Wednesday, May 25, 2016

The Tragically Hip - Gord Downie

20 years ago when I was in my early-teens I took a trip across the country by myself. Looking back it doesn't seem like much - I flew from Winnipeg to Edmonton via Saskatoon, a 3-4 hour journey with layovers, but at the time it was a huge step towards independence for me. I was going to Edmonton to spend a month with my cousins during the summer. In truth, I was dropped off at one gate, shepherded by a flight attendant who was there to help underage passengers flying alone, and picked up by family on the other end. But for a kid who had never flown before, to do so alone when he was perfectly happy wiling away the hours on a computer screen in the basement, it felt like a huge, scary undertaking.

It was freedom, and it changed my life, though it took me another five years to realize it.

The flight was uneventful. Scary, thrilling, strange in the way that is common to airplanes and amusement rides. Funny how I became a fan of the former, and you couldn't pay me enough money to tolerate the latter. I wasn't the only unaccompanied minor on the plane, there was another kid seated with me as well who was a couple of years younger and it was his first flight too.

I guess I was visibly nervous, I was a shy kid to start with - not much for talking - and I expect I was probably white as a sheet, staring out the window at the tarmac as the rest of the plane boarded. As the plane began making its way to the takeoff strip, shuddering, pinging, whirring - all things unfamiliar to a novice traveler - a passenger in the row ahead of me turned to talk to us. I don't recall what he asked us, but I told him my name and that it was my first time flying, and we talked briefly in the way that strangers do while the plane was getting ready for takeoff.

As I said, the flight was uneventful for anyone who knew what to expect. Once we were in the air and on our way to Saskatoon, the nice guy in the row ahead of us asked us if we could give him a hand. He and his buddy were doing a crossword puzzle from the morning paper. I can't say that either of them were terribly adept at it, but I was a kid. I don't think I helped worth beans, but it was fun. My fellow underage passenger wasn't interested, but I remember poking my head over the top of the guy's seat and spent the better part of an hour working the puzzle with the two of them.

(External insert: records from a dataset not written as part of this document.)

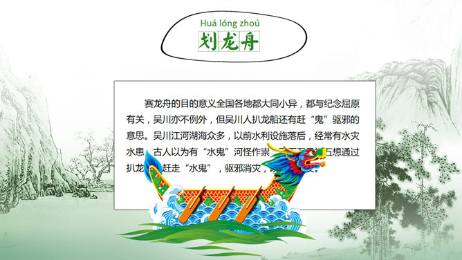 这是一组适合用于端午节相关的PPT背景图片,以美味的粽子、中国龙、绿竹为主要背景元素,可用于介绍或庆祝端午节。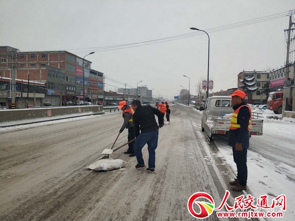 該分局及時下達(dá)清雪除冰命令,一方面加強(qiáng)值班值守,隨時掌握路面通阻信息,一方面由分局領(lǐng)導(dǎo)帶隊組織機(jī)關(guān)科室人員及四個中心道班養(yǎng)護(hù)力量、搶險突擊隊等,出 動1臺平地機(jī),1臺裝載機(jī),4臺路政巡查及養(yǎng)護(hù)車,開始清除積雪,拋灑融雪劑。搶險突擊隊對重要路段、潁城進(jìn)出口路段、穿集鎮(zhèn)路段、平交路口、上下坡段、 橋面及其他險段進(jìn)行清雪,平地機(jī)、裝載機(jī)負(fù)責(zé)干線公路路面清雪。路政人員加強(qiáng)巡查,及時通報公路通行情況,發(fā)現(xiàn)積雪打滑路段,立即報告并配合清理積雪。分 局領(lǐng)導(dǎo)現(xiàn)場調(diào)度,保障了清雪除冰工作順利進(jìn)行。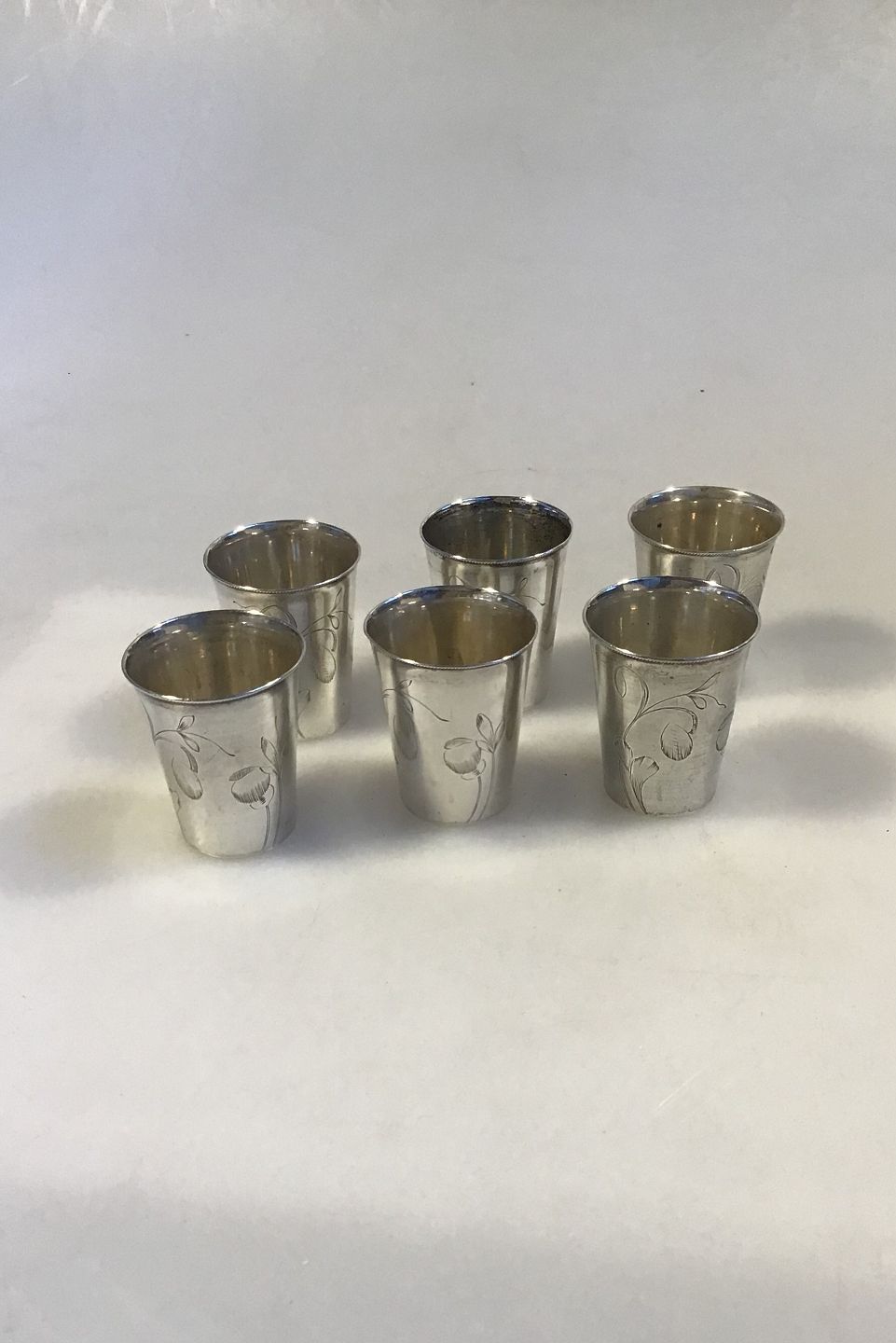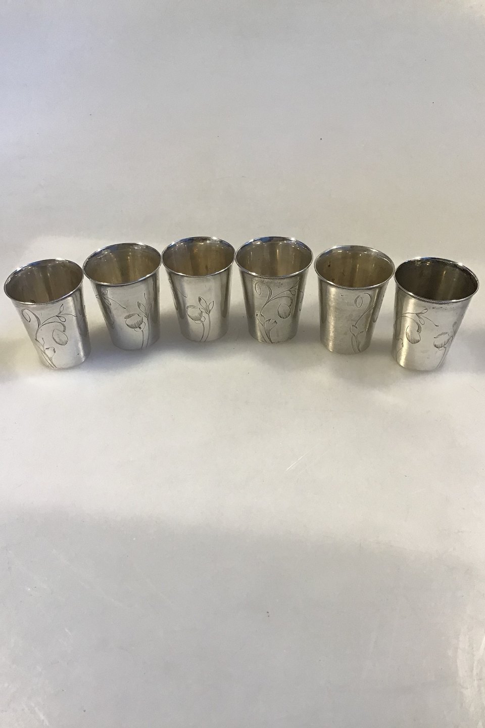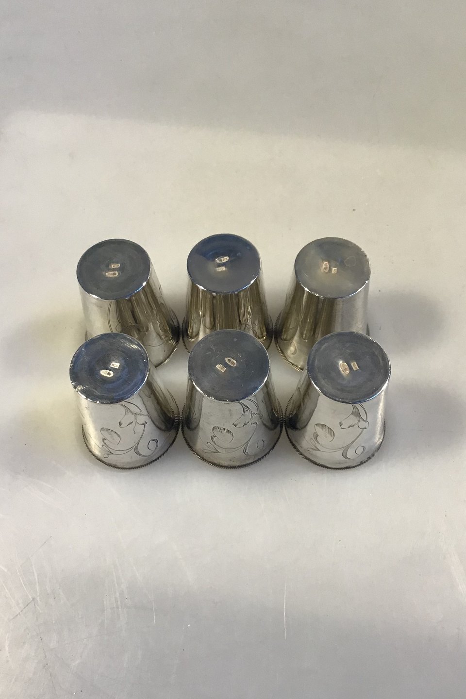 Russian Silver Drinking Cups Set (6) Floral Decoration Measures 4.5 cm(1 49/64 in) Combined Weight 99 gr/3.49 oz(Engraved AF 24/11 12)

Before I knew it, we were descending into Saskatoon. At the gate, the two guys said goodbye and left with some other friends of theirs who were also on the flight, while I stayed aboard for the next leg of the journey to Edmonton.

After everyone who was getting off had done so, the flight attendant came back to check on us before more passengers got on. I gather she was a fan - she came over and asked us "Do you know who that was? That was the Tragically Hip!".

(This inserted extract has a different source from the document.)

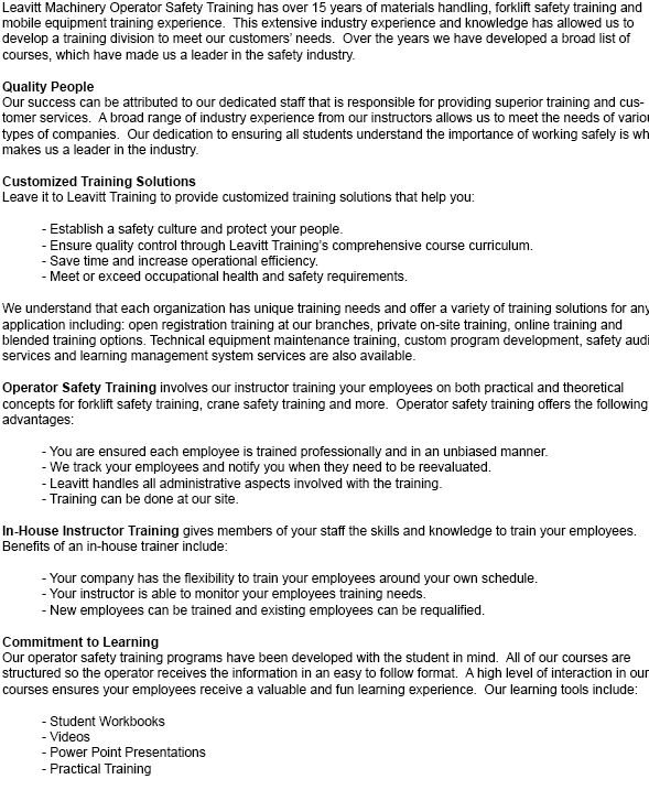 We provide several options to help educate your employees. Moreover, we present you two possibilities for training. We can offer it on-site or at our location of operations. Our knowledgeable team can tailor our training to your particular equipment at your location of operations.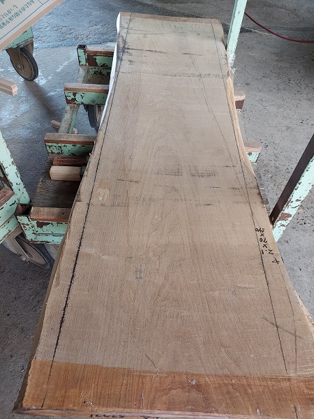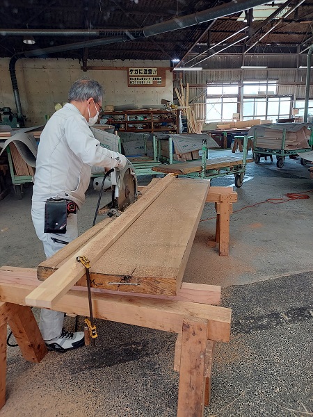 いつもは、リッパーと言う機械で切断するのですが、厚く、硬い木材なので、大丸のこで切断しました。

I was a kid, I didn't have any bloody idea who the Tragically Hip were. I had heard the name before, but I couldn't have named a single song they played. I was more amazed at my uncle's exclamation when I related the story to him that evening. He knew who The Hip were.

Fast-forward five years, I am 17 years old, just about to turn 18, sitting in my dorm room in Waterloo, Ontario - 2,000km from my home and family. I had just embarked upon the biggest, most exciting, most frightening journey of independence in my life since that flight to Edmonton... and I was feeling it pretty badly. That night, and more than a few nights after I would put on my headphones and turn on my favorite playlist, comforted by the familiar strains of songs I had listened to a thousand times before. Songs that spoke to me in some way, songs that sounded like home. I would fall asleep listening to Great Big Sea and The Tragically Hip, whose album I would never have picked up had it not been for an enthusiastic flight attendant.

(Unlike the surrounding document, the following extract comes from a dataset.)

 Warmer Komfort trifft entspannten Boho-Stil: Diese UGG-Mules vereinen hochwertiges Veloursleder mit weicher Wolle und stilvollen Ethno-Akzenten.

This post was prompted by the news that Gord Downie of The Tragically Hip has cancer, treatable but terminal. My father-in-law was killed by the disease less than a year ago, so I can relate to some of the experiences his family is going through today. So I wanted to post this, my own personal experience with them.

So for Ahead by a Century, Membership, Thompson Girl, My Music at Work, and most importantly... Courage, thank you.